Step 4 of figure 3 shows the introduction of the continuous delivery process. To deploy the application to an environment requires a set of YAML files, which typically include a deployment, service, route, config maps, secrets, persistent volume definitions, and others. These assets are stored in the continuous delivery repository within a directory structure that allows a base set of common resources to be defined (step 5), together with overlays of specific files for environmental variance. To deploy each set of environment-specific Kubernetes resources, it is necessary to create an ArgoCD application for each environment. For example, to deploy the application to the 01-dev environment, an ArgoCD application is created that refers to the /environment/01-dev directory within the continuous delivery Git repository. The use of the ArgoCD application ensures that any changes made to the content of the /environment/01-dev directory are faithfully applied to the Kubernetes environment. As an engineer working on the deployment of applications to each of the environments, all I have to do is make changes to the YAML files, commit them to the Git repository, and allow ArgoCD to apply those changes to the Kubernetes environment. If a new environment is to be introduced to the route-to-live, then the team performs the following tasks:

  1. Define the required YAML files within the environment directory of the continuous delivery Git repository
  2. Create a new ArgoCD application definition within the environment directory of the GitOps configuration Git repository. This application refers to the new directory created within the Continuous delivery repository
  3. Allow the configuration ArgoCD application indicated by step 3 of figure 3 to identify that the structure has changed which will create the new ArgoCD application created at stage 2 above
  4. Allow the new ArgoCD application for the new environment to deploy the application Kubernetes resources

Access to assets

The assets used in the development of this series of articles can be found in the GitHub repositories indicated in figure 4.

Repository

Description

https://github.com/marrober/myApp-source.git

Application source code for a simple Open Liberty based application

https://github.com/marrober/myApp-ci.git

Tekton continuous integration assets

https://github.com/marrober/myApp-cd.git

Deployment assets for each environment

https://github.com/marrober/myApp-config.git

ArgoCD applications for the synchronization of the containerised application to each environment, the Tekton resources and the configuration ArgoCD application

Figure 4 : GitHub repositories used in this article.
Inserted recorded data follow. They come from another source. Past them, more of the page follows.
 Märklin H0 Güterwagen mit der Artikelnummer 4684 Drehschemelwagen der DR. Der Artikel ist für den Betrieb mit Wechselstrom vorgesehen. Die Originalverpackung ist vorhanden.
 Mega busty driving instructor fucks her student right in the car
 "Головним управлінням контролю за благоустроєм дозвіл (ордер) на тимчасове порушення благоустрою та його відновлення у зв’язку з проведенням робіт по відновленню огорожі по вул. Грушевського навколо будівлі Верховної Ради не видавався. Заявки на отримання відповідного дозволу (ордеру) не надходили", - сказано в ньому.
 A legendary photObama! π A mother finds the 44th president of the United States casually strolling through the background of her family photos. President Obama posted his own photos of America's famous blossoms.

Further information on how to use the above assets and additional resources such as required secrets will be provided in further articles.

Summary

A developer of the application source code can make changes to code and be assured that their commits will be picked up and built by the automated Tekton process. An environment engineer can make changes to how the application will behave by updating and committing to Git the Kubernetes resource files. A deployment automation engineer can create new environments and define ArgoCD applications to reference them by adding new files to the configuration repository.
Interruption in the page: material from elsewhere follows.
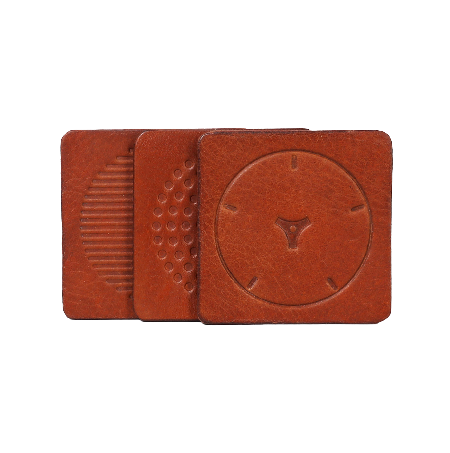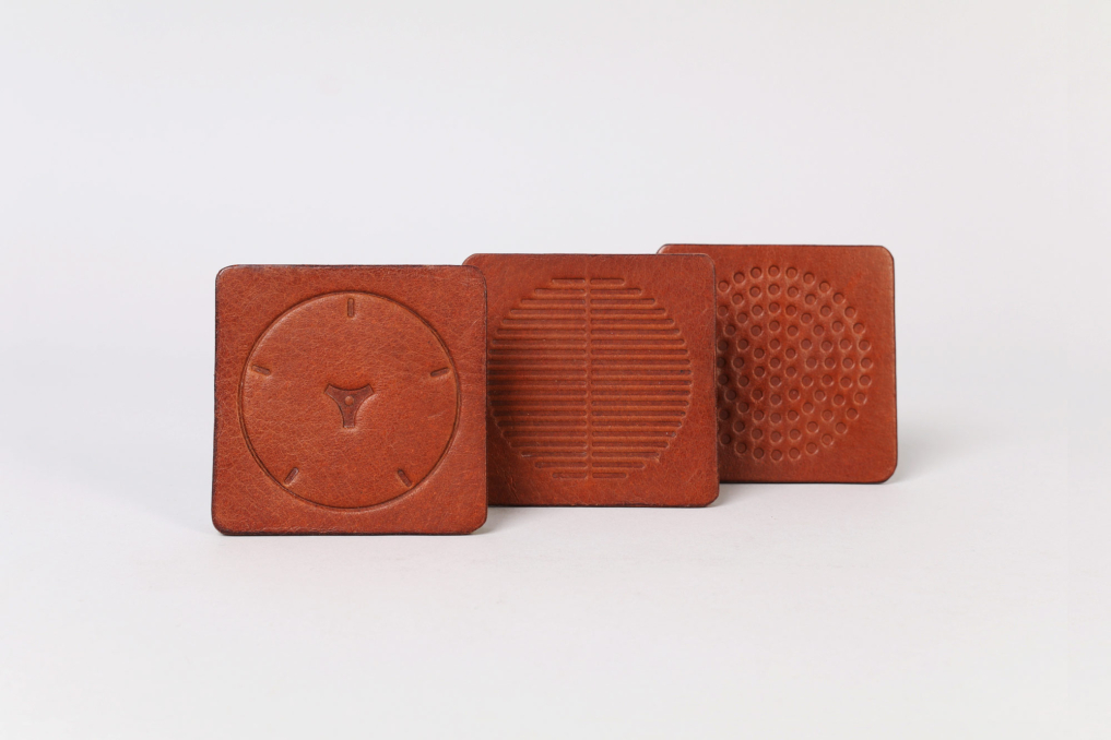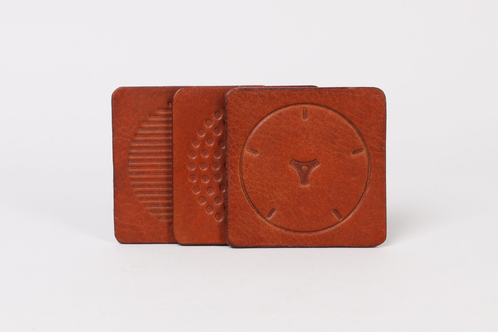Exclusive Only / Once original leather coaster inspired by the iconic patterns of Dieter Rams' Braun audio products such as the T4, RT 20 or SK 5. Each coaster is unique and handcrafted from thick full-grain leather and will age beautifully over time with use. A great addition to any Braun collection designed and created in house for enthusiasts only. Protect your table or desk in style. Exclusively available at Only / Once shop. → Price per set of 3 pieces (ie. If you wish to buy 6 leather coaster add 2 to cart).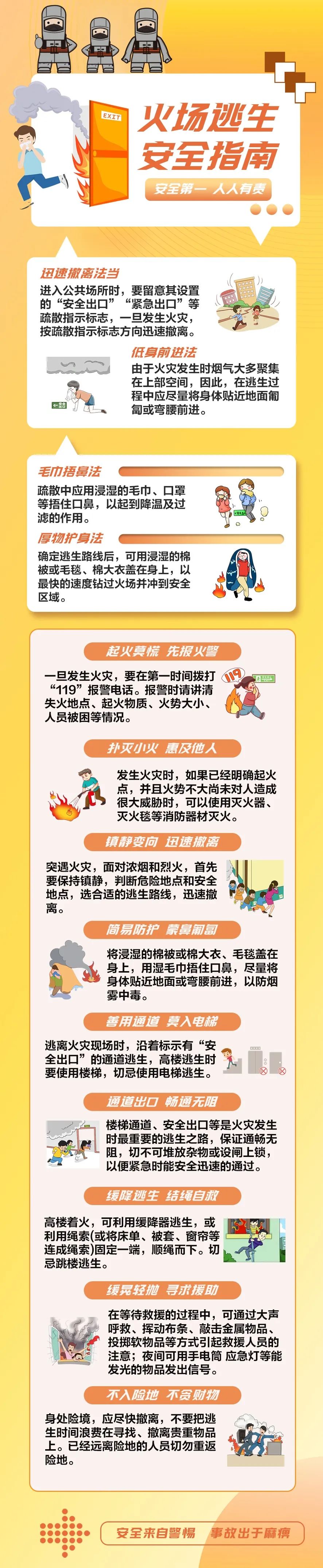 群众的警惕性与行动力往往是火灾防控的第一道关卡。掌握正确的逃生知识,能在关键时刻为自己和他人的生命安全增添一份保障。

All assets relevant to the creation, build, and deployment of the business application are held securely within the Git repository where they are subject to access control, audit, and logging.
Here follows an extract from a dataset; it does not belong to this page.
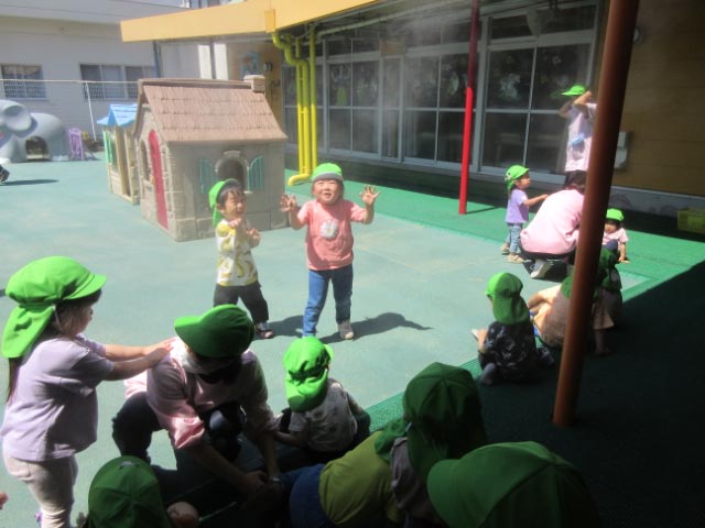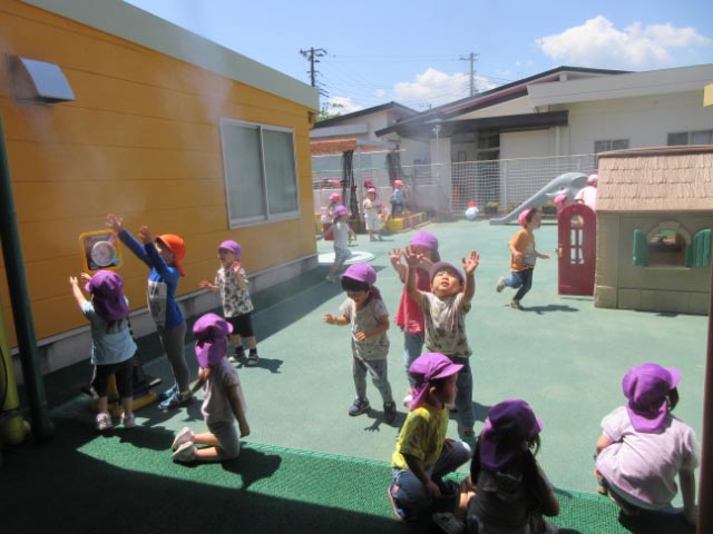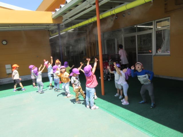 涼しく遊べるように、今年の初ミスト稼働日となりました霧のシャワーに、子どもたちは大喜び

In subsequent articles, further exploration of the processes will take place. Specific areas of focus will be:

  • The controlled and automated release of container images using tags on images and managed updates to continuous delivery assets.
  • The management of the continuous delivery Kubernetes resources and the use of a base set of assets with overlays for each environment.
  • The use of branches for the management of approval of content for specific environments.
  • The use of test automation and image scanning for the new container image.